Stored data →
/---
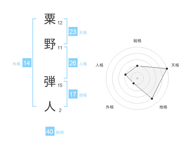 粟野 弾人さんを姓名の画数から五運を鑑定
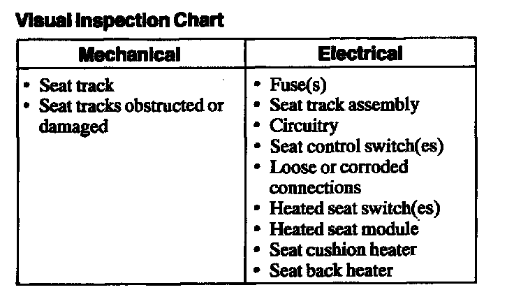 1. Verify the customer concern.Visual Inspection Chart:
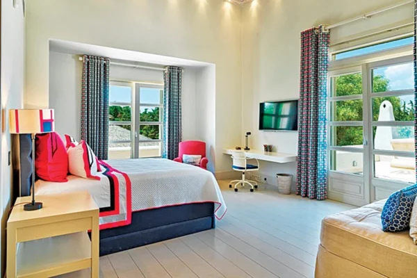 Τεράστιοι χώροι υποδοχής, αίθρια, σαλόνια με πανάκριβα υφάσματα, εκπληκτική minimal τραπεζαρία 24 ατόμων, γυμναστήρια, σάουνες, spa, 7 υπνοδωμάτια-σουίτες και 6 μπάνια δεσπόζουν στο κεντρικό κτίριο της βίλας. Υπάρχει όμως ακόμα ένας οικίσκος που λειτουργεί ως ξενώνας, ο οποίος αποτελείται από 5 υπνοδωμάτια και 4 δωμάτια προσωπικού. Υπάρχουν δηλαδή συνολικά 12 δωμάτια και 8 δωμάτια προσωπικού.
\---
Your task →
Take the data above and repeat it exactly, leaving each picture out.

Your response →
 粟野 弾人さんを姓名の画数から五運を鑑定
 1. Verify the customer concern.Visual Inspection Chart:
 Τεράστιοι χώροι υποδοχής, αίθρια, σαλόνια με πανάκριβα υφάσματα, εκπληκτική minimal τραπεζαρία 24 ατόμων, γυμναστήρια, σάουνες, spa, 7 υπνοδωμάτια-σουίτες και 6 μπάνια δεσπόζουν στο κεντρικό κτίριο της βίλας. Υπάρχει όμως ακόμα ένας οικίσκος που λειτουργεί ως ξενώνας, ο οποίος αποτελείται από 5 υπνοδωμάτια και 4 δωμάτια προσωπικού. Υπάρχουν δηλαδή συνολικά 12 δωμάτια και 8 δωμάτια προσωπικού.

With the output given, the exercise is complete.